Его слова не относились ни к Лилиям, ни, тем более, к Танкредо. Дьякон всегда добросовестно выполнял обязанности, возложенные на него саном; он входил в церковный совет и совет епархии, помогал падре во время каждой мессы и в свои семьдесят лет с удовольствием освободил Танкредо от роли подьячего и аколита, больше годившейся для подростка, а после таинства лично ходил по рядам и собирал пожертвования, приветствуя почтительным наклоном головы самых пожилых прихожан — единственных, кого замечал; он следил за безупречным порядком в алтаре, через него прихожане договаривались о крещениях, конфирмациях, первых причастиях, венчаниях, заутренях, отпеваниях, одним словом, обо всех службах, кроме торжественной, хоральной, потому что после смерти органиста дона Пако Лусио дьякон никому не позволял прикасаться к органу, заставив навсегда замолчать инструмент, а вместе с ним и музыку. Но если падре Альмиде это было безразлично, то Сабине, Лилиям и горбуну — нет, им не хватало музыки, церковного пения, бархатистого баса дона Лусио и песнопений монахов, хором возвещавших Святую неделю. Музыка не трогала дьякона, к тому же он вообще плохо слышал. «Дон Пако по-прежнему с нами на каждой мессе, говорил он, его пение будет звучать вечно». Танкредо не пытался с ним спорить, потому что, сколько себя помнил, всегда ощущал ненависть дьякона.

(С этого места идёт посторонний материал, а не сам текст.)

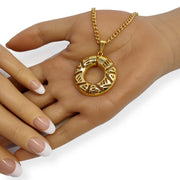 Our ELDORADO ARETERA necklace is handcrafted by Colombian artisans with a special affinity for pre-Columbian cultures, their symbolism, and artistry. The form of this pendant is inspired by pre-Columbian earrings, which held profound meaning as cultural and spiritual expressions and were key elements of body ornamentation. The name ARETERA also means "earrings" in Spanish, particularly in the context of Pre-Columbian jewelry. This design is attributed to the Zenú or Sinú culture, a civilization that thrived in ancient Colombia. It was inspired by artifacts at the Museum of Gold in Bogota, Colombia, home to the world's largest collection of pre-Columbian goldwork. This piece is crafted in 24K gold-plated pewter with a protective cataphoretic lacquer finish for higher durability and radiance.
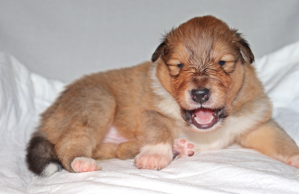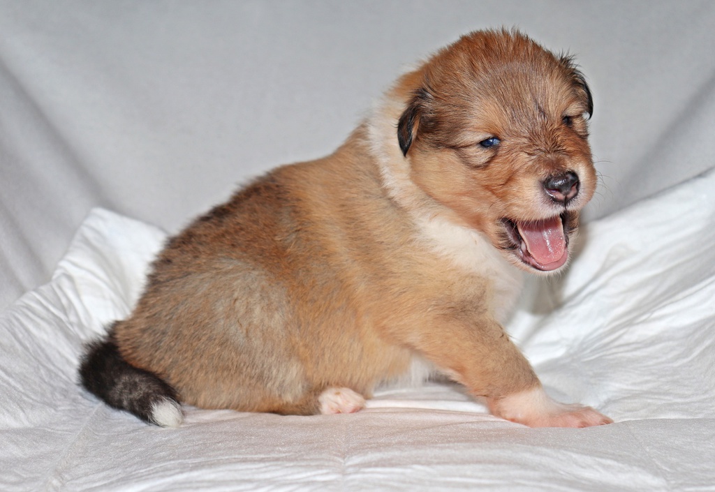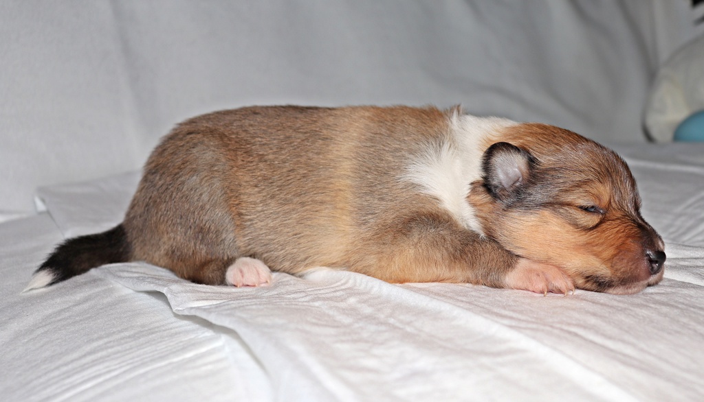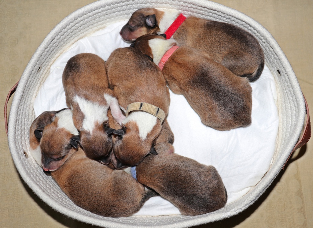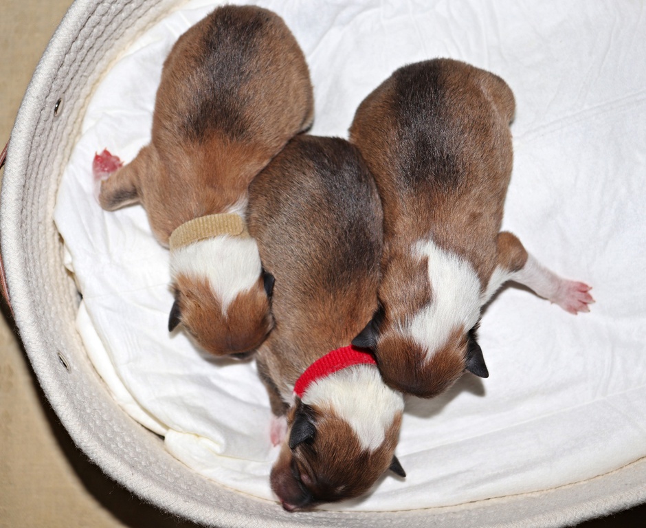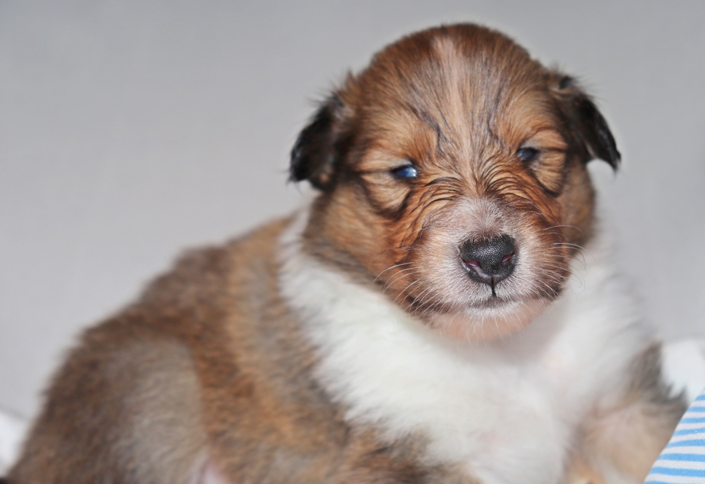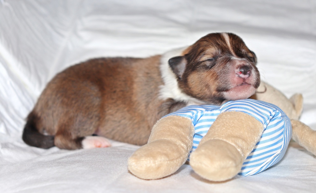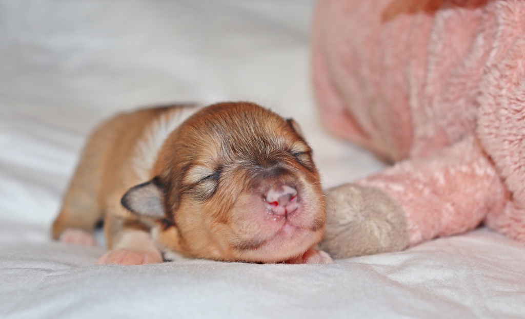Mittlerweile haben die Welpen kräftig zugenommen und wiegen zwischen 820 und 1040 Gramm. Auch die Augen öffnen sich allmählich und erste erste taumelige Gehversuche werden in der Wurfkiste unternommen. Ihre Mama Ary hat sich vollständig vom Kaiserschnitt erholt und kümmert sich liebevoll um ihre Fellkinder.
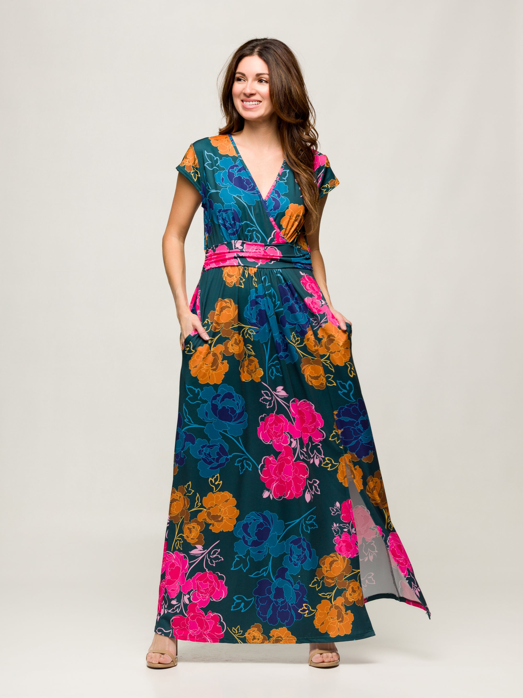 24seven Comfort Apparel Womens Floral Print Cap Sleeve V Neck Side Slit Pocket Maxi Dress

— Танкредо, — обратился к нему падре Альмида, подливая в кофе ореховой настойки, — не потерял ли ты разум?
Он моргал чаще обычного. Внешне он успокоился, но говорил с упреком:
— Что с тобой происходит? Как прикажешь тебя понимать, когда ты заявляешь, что старики не веруют, что они не хотят выслушивать послания, которые я им пишу? Кто ты такой, чтобы говорить подобные вещи? Разве ты обладаешь телепатическим даром? Умеешь читать их мысли? Откуда ты знаешь? Побойся Бога, Танкредо, ведь я их исповедую. — Он отпил кофе. Перевел дух. И не сдержал улыбки: — И потом, все важное, что ты хочешь сказать, ты должен говорить на латыни. Для чего же, по-твоему, мы учили латынь? Иначе мы не будем тебя слушать.
Падре провел рукой по лицу — что-то явно его беспокоило.
— Ну ладно, — сказал он со вздохом. — Поговорим об этом завтра. Мне кажется, тебе пора исповедаться. Сегодня ты исполняешь обязанности служки. Скоро приедет падре Фицжеральд. Он заменит меня во время мессы, а ты ему поможешь. Только сегодня.
Дьякон внимательно следил за словами падре, повернув в сторону Альмиды правое ухо, даже приставив к нему ковшиком руку, морщинистую и дрожащую.
— Ни при каких обстоятельствах нельзя отказаться от чести прислуживать на мессе, — сказал он, обращаясь, конечно, не к Танкредо. Сказал со злобой, едкой, еле сдерживаемой злобой.
— Он и не отказывается, — ответил падре.
Сабина встала и подлила Мачадо кофе. Руки ее не слушались. Танкредо показалось, что она вот-вот прольет кофе. Наверно, до нее только, сейчас дошло, что Альмида и Мачадо уедут Бог весть на сколько, и они останутся одни сразу после мессы, потому что Танкредо будет сегодня прислуживать, чего не делал уже очень давно — с того пасхального воскресенья, когда ему исполнилось пятнадцать лет. Впервые за долгое время они останутся одни, и Сабина очень разволновалась. Покрасневшая, опрометчиво оживленная, она подлила всем кофе и порхнула на место, словно в легком прыжке, — казалось, в душе она смеется от радости.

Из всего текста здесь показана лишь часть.